Using Libraries (torch, torch.nn, tensorflow, keras)

import torch
import torch.nn as nn

# PyTorch LSTM Implementation
class LSTMModel(nn.Module):
    def __init__(self, input_size, hidden_size, num_layers, num_classes, dropout=0.5, bidirectional=False):
        super(LSTMModel, self).__init__()
        self.hidden_size = hidden_size
        self.num_layers = num_layers
        self.bidirectional = bidirectional
        self.num_directions = 2 if bidirectional else 1
        
        # LSTM layer
        self.lstm = nn.LSTM(input_size, hidden_size, num_layers, 
                           batch_first=True, dropout=dropout if num_layers > 1 else 0, 
                           bidirectional=bidirectional)
        
        # Dropout
        self.dropout = nn.Dropout(dropout)
        
        # Fully connected layer
        self.fc = nn.Linear(hidden_size * self.num_directions, num_classes)
    
    def forward(self, x):
        # Initialize hidden and cell states
        h0 = torch.zeros(self.num_layers * self.num_directions, x.size(0), self.hidden_size).to(x.device)
        c0 = torch.zeros(self.num_layers * self.num_directions, x.size(0), self.hidden_size).to(x.device)
        
        # Forward propagate LSTM
        out, _ = self.lstm(x, (h0, c0))  # out: tensor of shape (batch, seq_length, hidden_size)
        
        # Decode the hidden state of the last time step
        out = out[:, -1, :]
        out = self.dropout(out)
        out = self.fc(out)
        return out

# PyTorch GRU Implementation
class GRUModel(nn.Module):
    def __init__(self, input_size, hidden_size, num_layers, num_classes, dropout=0.5, bidirectional=False):
        super(GRUModel, self).__init__()
        self.hidden_size = hidden_size
        self.num_layers = num_layers
        self.bidirectional = bidirectional
        self.num_directions = 2 if bidirectional else 1
        
        self.gru = nn.GRU(input_size, hidden_size, num_layers, 
                         batch_first=True, dropout=dropout if num_layers > 1 else 0, 
                         bidirectional=bidirectional)
        
        self.dropout = nn.Dropout(dropout)
        self.fc = nn.Linear(hidden_size * self.num_directions, num_classes)
    
    def forward(self, x):
        h0 = torch.zeros(self.num_layers * self.num_directions, x.size(0), self.hidden_size).to(x.device)
        out, _ = self.gru(x, h0)
        out = out[:, -1, :]
        out = self.dropout(out)
        out = self.fc(out)
        return out

# Usage example
vocab_size = 10000
embedding_dim = 128
hidden_size = 256
num_layers = 2
num_classes = 5  # e.g., sentiment classes

# For text classification with embeddings
class TextClassifier(nn.Module):
    def __init__(self):
        super(TextClassifier, self).__init__()
        self.embedding = nn.Embedding(vocab_size, embedding_dim)
        self.lstm = nn.LSTM(embedding_dim, hidden_size, num_layers, 
                           batch_first=True, dropout=0.5, bidirectional=True)
        self.fc = nn.Linear(hidden_size * 2, num_classes)
    
    def forward(self, x):
        embedded = self.embedding(x)
        lstm_out, (hidden, cell) = self.lstm(embedded)
        # Concatenate final forward and backward hidden states
        hidden = torch.cat((hidden[-2,:,:], hidden[-1,:,:]), dim=1)
        return self.fc(hidden)

model = TextClassifier()

# Sample input: batch_size=2, sequence_length=20
sample_input = torch.randint(0, vocab_size, (2, 20))
output = model(sample_input)
print(f'Output shape: {output.shape}')  # [2, 5]
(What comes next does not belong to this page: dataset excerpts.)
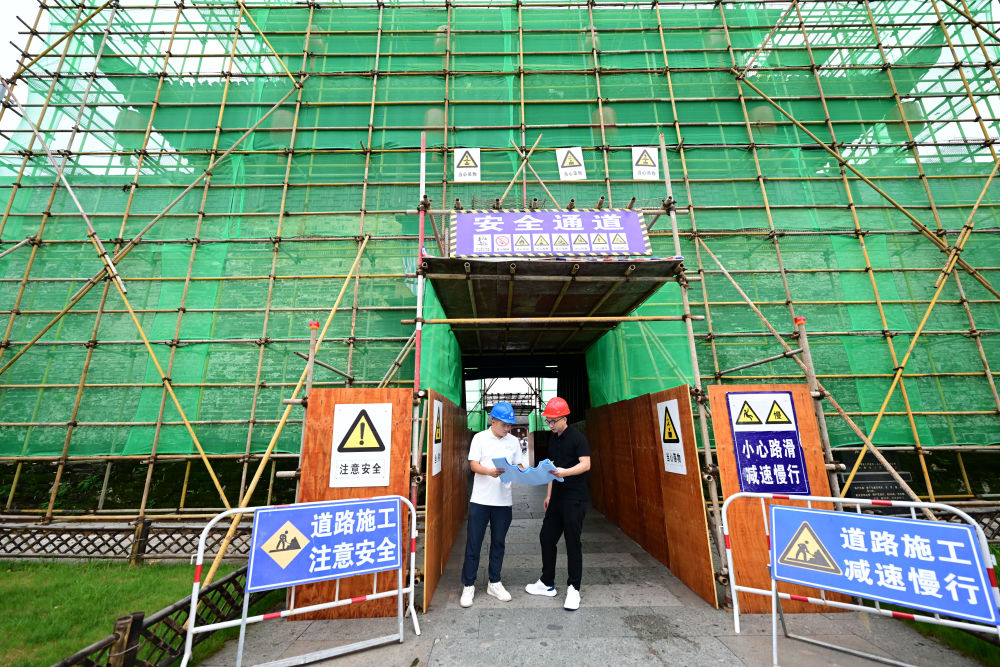 6月19日,周虎(右)在歙县徽州古城南谯楼保养维护工程现场查看。
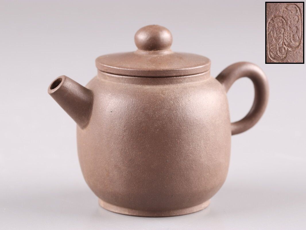- 中国古玩 唐物 煎茶道具 朱泥 紫泥 紫砂壷 茶壷 急須 福記 在印 時代物 極上品 初だし品 D4361
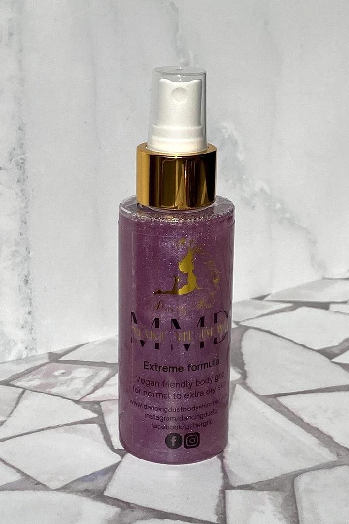 Application: Shake well before use. The glitter will settle and needs a little waking up. Spray onto the skin and apply a thin layer. More layers can be added for more intensity. Let dry for 30-60 seconds. Not advised for hand use.
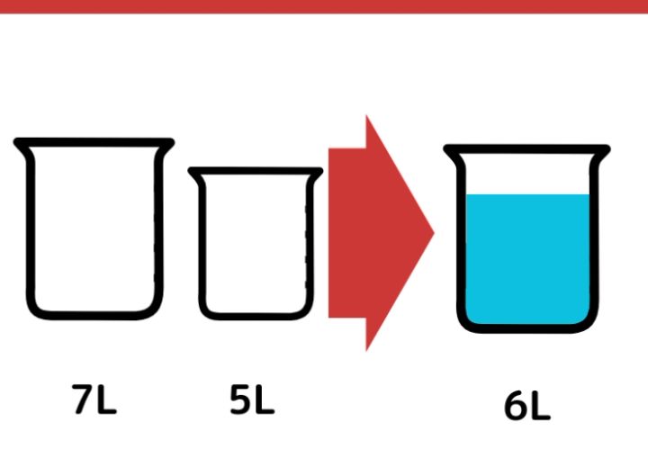 水がちょうど6L入る容器が手元にありません。7Lと5Lの容器を使って、ちょうど6Lの水を計る方法を考えてください。
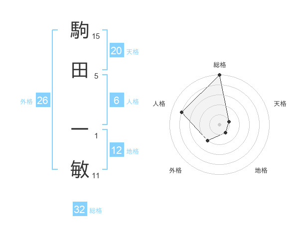 駒田 一敏さんを姓名の画数から五運を鑑定
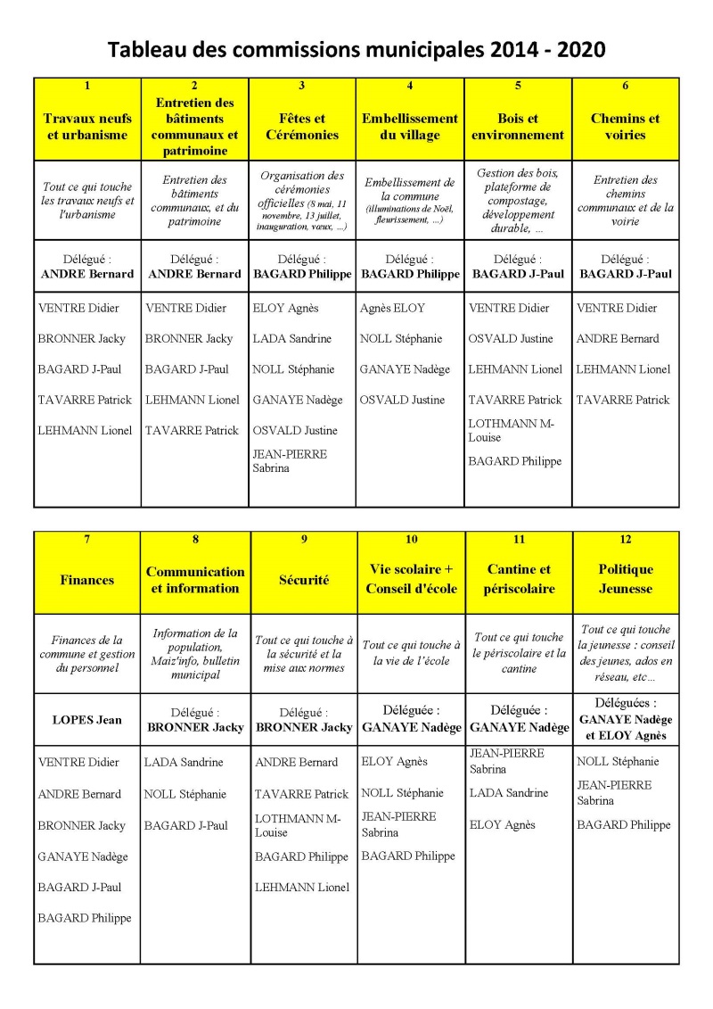 Le conseil municipal est composé de 12 commissions de travail. et 5 commissions communales et intercommunales
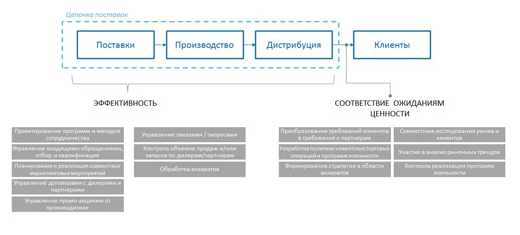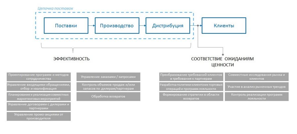 Управление спросом (совместные исследования рынка и клиентов, анализ рыночных трендов, контроль реализации программ лояльности).
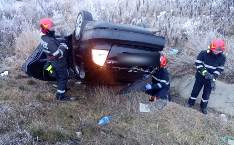 "Au fost alertate două autospeciale și un echipaj medical SMURD, pompierii au găsit la locul evenimentului o mașină răsturnată pe plafon, în șanțul de colectare a apelor pluviale și ocupanții ieșiți din aceasta. O femeie de circa 30 de ani a fost consultată și transportată la spital, în stare de conștiență, pentru investigații și tratamente de specialitate", a transmis ISU Cluj.

# TensorFlow/Keras Implementation
import tensorflow as tf
from tensorflow.keras import layers, Model

def create_lstm_model(vocab_size, embedding_dim, hidden_units, num_classes):
    inputs = tf.keras.Input(shape=(None,))
    x = layers.Embedding(vocab_size, embedding_dim)(inputs)
    x = layers.LSTM(hidden_units, return_sequences=False, dropout=0.5)(x)
    x = layers.Dense(64, activation='relu')(x)
    outputs = layers.Dense(num_classes, activation='softmax')(x)
    return Model(inputs, outputs)

def create_bidirectional_lstm(vocab_size, embedding_dim, hidden_units, num_classes):
    inputs = tf.keras.Input(shape=(None,))
    x = layers.Embedding(vocab_size, embedding_dim)(inputs)
    x = layers.Bidirectional(layers.LSTM(hidden_units, return_sequences=True, dropout=0.5))(x)
    x = layers.Bidirectional(layers.LSTM(hidden_units // 2, dropout=0.5))(x)
    outputs = layers.Dense(num_classes, activation='softmax')(x)
    return Model(inputs, outputs)

# Stacked LSTM for sequence generation
class SequenceGenerator(nn.Module):
    def __init__(self, vocab_size, embed_size, hidden_size, num_layers):
        super(SequenceGenerator, self).__init__()
        self.embed = nn.Embedding(vocab_size, embed_size)
        self.lstm = nn.LSTM(embed_size, hidden_size, num_layers, batch_first=True)
        self.fc = nn.Linear(hidden_size, vocab_size)
    
    def forward(self, x, hidden=None):
        embedded = self.embed(x)
        output, hidden = self.lstm(embedded, hidden)
        output = self.fc(output)
        return output, hidden
    
    def generate(self, start_token, max_length=100, temperature=1.0):
        current = torch.tensor([[start_token]])
        hidden = None
        output_tokens = [start_token]
        
        for _ in range(max_length):
            logits, hidden = self.forward(current, hidden)
            logits = logits[:, -1, :] / temperature
            probs = torch.softmax(logits, dim=-1)
            current = torch.multinomial(probs, num_samples=1)
            output_tokens.append(current.item())
        
        return output_tokens

When to Use

✅ Appropriate Use Cases:

Sequential data where order matters (time series, text, speech)
When input/output sequences have variable lengths
Problems requiring memory of past context (language modeling)
Small to medium-sized datasets where Transformers would overfit
Resource-constrained environments (mobile, edge devices)
When strong sequential inductive bias is beneficial

❌ Avoid When:

Long sequences (> 1000 tokens) where attention mechanisms perform better
When parallel computation is critical (RNNs are inherently sequential)
Tasks where global context matters more than local patterns
When you have abundant compute and data (Transformers usually win)
Problems that can be framed as non-sequential (use feedforward networks)
When training time is limited (RNNs train slower than CNNs on fixed-size inputs)

Common Pitfalls

Not initializing hidden states properly causing training instability
Forgetting to pack padded sequences leading to computation on padding tokens
Using too many layers causing overfitting on small sequence datasets
Not using teacher forcing during sequence generation training
Applying dropout to recurrent connections (should only apply to non-recurrent)
Using ReLU instead of tanh in vanilla RNN (causes exploding gradients)
Not handling variable-length sequences with masking or packing
Bidirectional RNNs in autoregressive generation (leaks future information)